しかし、一方で借金までして相続税対策をしたつもりが、実際にはうまくいかず単に負債を抱える結果となってしまう事例もあります。
例えばマンション経営に乗り出した場合などがこれにあたります。

マンション経営はリスクも大きい

資産として大きな土地を持っている場合、賃貸マンションを建築すれば相続税対策になる場合もあるでしょう。

しかし、建築業者のオススメのままに需要のないマンションを作ってしまうことにより、結果的に現金を減らしてしまうだけであったり、大きな借金を抱えるだけになることもあるようです。
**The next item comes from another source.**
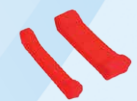
Rugverlenging 5 en 10 cm hoog

まして、賃貸マンションとなると、修繕費用など管理のお金もかかり、手間も大変なものです。
もちろん、同じ土地として相続する場合は遺産総額として低くなったり、相続税を免除されるかもしれませんが、トータルとしてプラスになるかどうかは慎重に決めた方が良さそうですね。

さいごに

相続税対策として借金が有効!というのは全くのデタラメな話だということがおわかりいただけたかと思います。
重要なのは、現金であっても借金であっても、使い途です。
相続税の節税のために借金をする場合はくれぐれも慎重に判断しましょう。
うまく資金を活用すれば、相続税の節税につなげることができるかもしれませんね。